__Material provided__.
━━━━━━

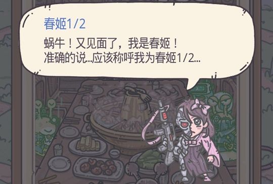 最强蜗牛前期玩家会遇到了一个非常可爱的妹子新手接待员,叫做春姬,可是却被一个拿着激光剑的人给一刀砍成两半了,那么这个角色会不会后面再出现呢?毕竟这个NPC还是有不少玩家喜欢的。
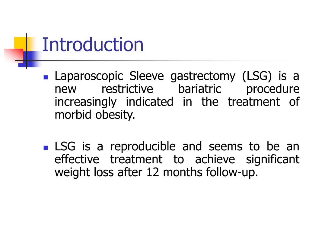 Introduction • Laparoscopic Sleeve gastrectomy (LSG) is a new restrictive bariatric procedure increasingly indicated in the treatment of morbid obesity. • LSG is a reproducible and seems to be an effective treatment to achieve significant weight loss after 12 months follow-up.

━━━━━━

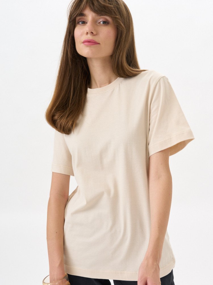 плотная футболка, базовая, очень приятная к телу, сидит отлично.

━━━━━━

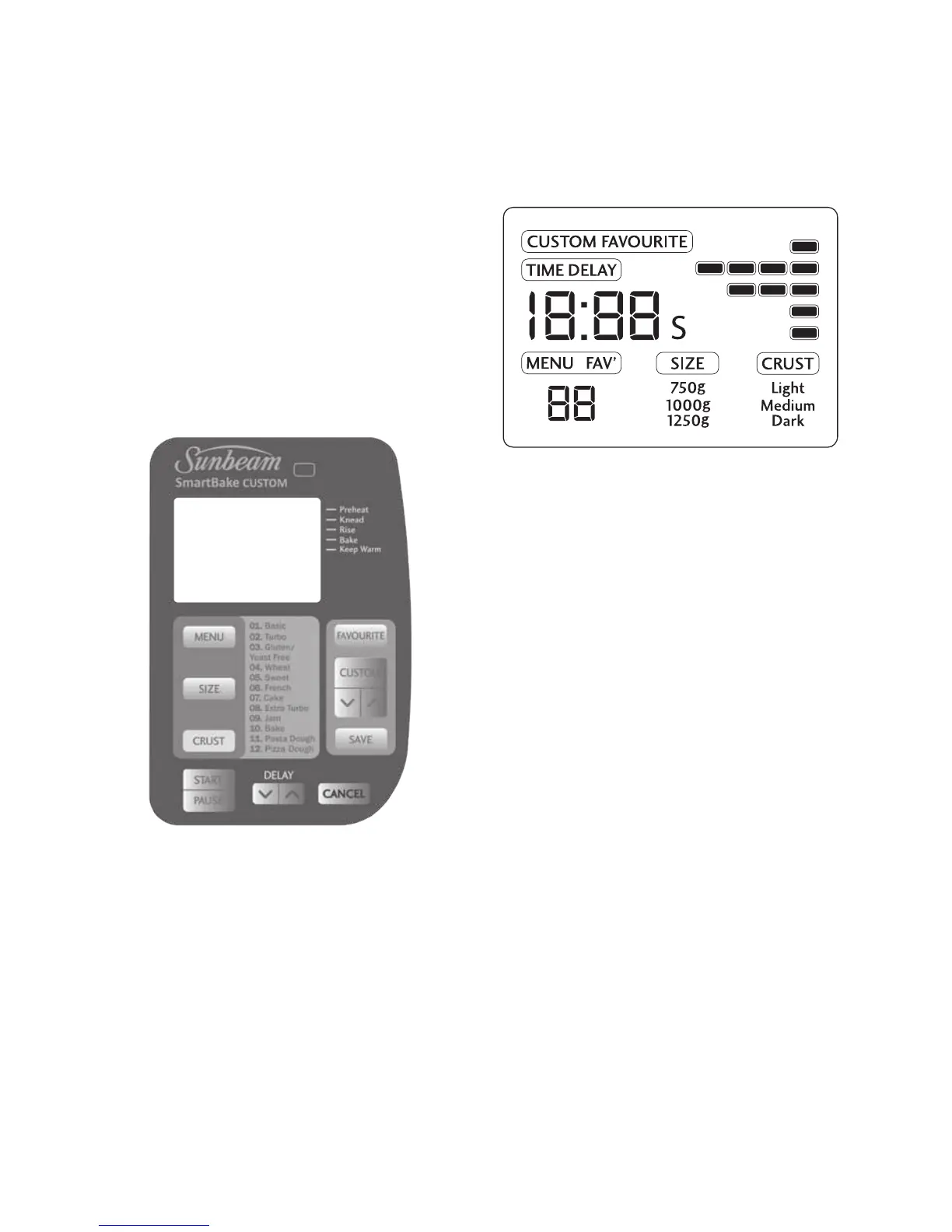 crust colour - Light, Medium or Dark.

━━━━━━

__Exercise directions__. Everything between and including the line above containing "最强蜗牛前期玩家会遇到了一个" and the line containing "Introduction • Laparoscopic" should be reproduced exactly, with pictures excluded.

__Task result__.
 最强蜗牛前期玩家会遇到了一个非常可爱的妹子新手接待员,叫做春姬,可是却被一个拿着激光剑的人给一刀砍成两半了,那么这个角色会不会后面再出现呢?毕竟这个NPC还是有不少玩家喜欢的。
 Introduction • Laparoscopic Sleeve gastrectomy (LSG) is a new restrictive bariatric procedure increasingly indicated in the treatment of morbid obesity. • LSG is a reproducible and seems to be an effective treatment to achieve significant weight loss after 12 months follow-up.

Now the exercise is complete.